Not all organizations are alike. All companies have similar functions (sales, engineering, marketing), but not all functions have the same influence on the overall business decisions. Some companies are more engineering-driven, others are sales-driven, others are marketing-driven. In practice, all companies are a mixture of all these functions. In the same way, the data strategy can be more focused on data analysts, and others on data engineering. Culture is a combination of several factors, business requirements, organizational culture, and skills within the organization. 

Traditionally organizations that focused on engineering mainly came from technology driven digital backgrounds. They built their own frameworks or used programming frameworks to build repeatable data pipelines. Some of this is due to the way the data is received, the shape the data is received and the speed of the data arrival as well. If your data allows it, your organization can be more focused on data analysis, and not so much on data engineering. If you can apply an Extract-Load-Transform approach (ELT) rather than the classic Extract-Transform-Load (ETL), then you can focus on data analysis and might not need extensive data engineering capability.

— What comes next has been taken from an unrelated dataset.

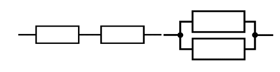 . If the resistors are equal this simplifies to R/2. This again makes sense using our formula for resistance, as if you were to put two identical resistive elements side-by-side, this would be the same as a single resistor with twice the cross-sectional area, and therefore the resistance would be half. Likewise in the hydraulic model, if you were to insert a second hose in your cylinder of water, you would expect to double the rate of flow of water out of it.

For example, data that can be loaded directly into the data warehouse allows data analysts to also do data engineering work and apply transformations to the data.

This does not happen so often though. Sometimes your data is messy, inconsistent, bulky, and encoded in legacy file formats or as part of legacy databases or systems, with a little potential to be actionable by data analysts. 

Or maybe you need to process data in streaming, applying complex event processing to obtain competitive insights in near real time. The value of data decays exponentially with time. Most companies can process data by the next day in batch mode. However, not so many are probably obtaining such knowledge the next second data is produced.

In these situations, you need the talent to unveil the insights hidden in that amalgam of data, either messy or fast changing (or both!). And almost as importantly, you need the right tools and systems to enable that talent too.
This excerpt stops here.